-- RECORDS PROVIDED follows --

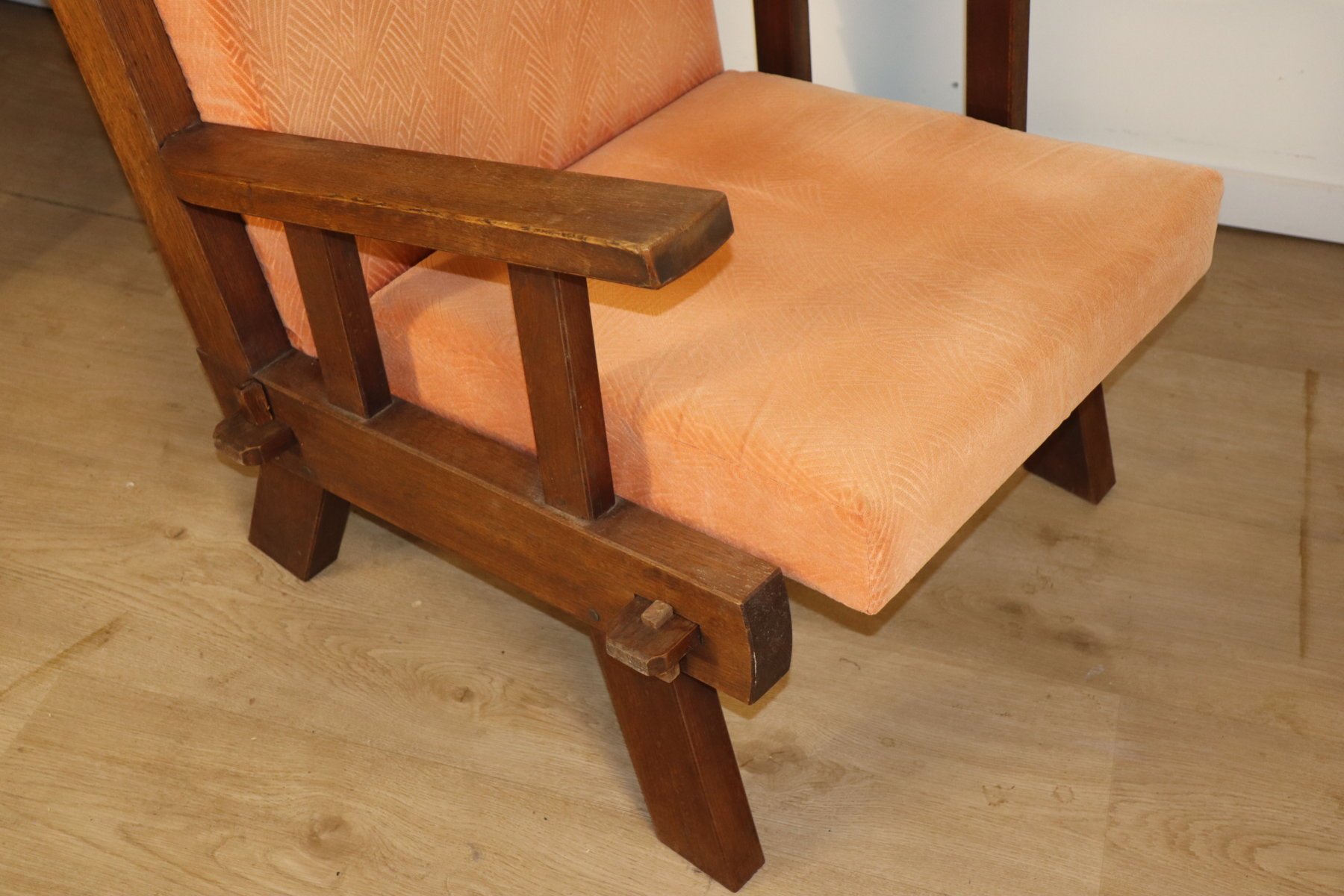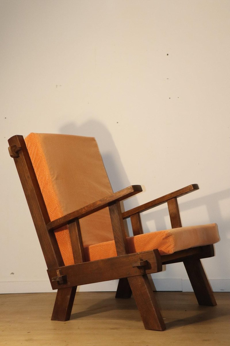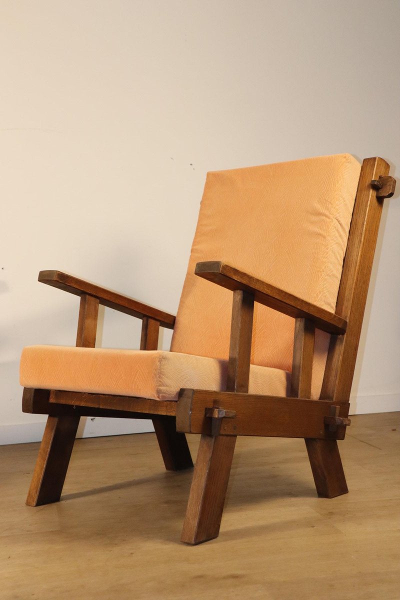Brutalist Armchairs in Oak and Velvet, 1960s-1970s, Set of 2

-- RECORDS PROVIDED concluded --
-- RECORDS PROVIDED follows --

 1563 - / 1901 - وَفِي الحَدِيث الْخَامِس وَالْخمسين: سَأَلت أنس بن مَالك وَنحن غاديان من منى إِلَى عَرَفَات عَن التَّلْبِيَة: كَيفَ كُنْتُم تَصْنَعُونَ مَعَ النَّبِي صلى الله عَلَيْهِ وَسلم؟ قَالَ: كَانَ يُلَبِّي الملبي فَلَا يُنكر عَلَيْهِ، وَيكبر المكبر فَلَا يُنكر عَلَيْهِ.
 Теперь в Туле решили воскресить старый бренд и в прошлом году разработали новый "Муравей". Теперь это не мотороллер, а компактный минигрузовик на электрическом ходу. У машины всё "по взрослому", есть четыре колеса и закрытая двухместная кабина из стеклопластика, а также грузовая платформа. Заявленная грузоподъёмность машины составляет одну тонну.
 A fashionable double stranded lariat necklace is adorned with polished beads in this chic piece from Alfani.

-- RECORDS PROVIDED concluded --
-- RECORDS PROVIDED follows --

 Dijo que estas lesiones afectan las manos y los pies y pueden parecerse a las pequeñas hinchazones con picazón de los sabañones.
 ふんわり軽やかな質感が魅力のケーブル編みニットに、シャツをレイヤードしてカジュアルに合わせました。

-- RECORDS PROVIDED concluded --

▶ **WORK ITEM**
Reproduce exactly, and only, the part of the listing above that begins at the line with "Dijo que estas" and goes on through the line with "ふんわり軽やかな質感が魅力の".

▶ **TASK SOLUTION**
 Dijo que estas lesiones afectan las manos y los pies y pueden parecerse a las pequeñas hinchazones con picazón de los sabañones.
 ふんわり軽やかな質感が魅力のケーブル編みニットに、シャツをレイヤードしてカジュアルに合わせました。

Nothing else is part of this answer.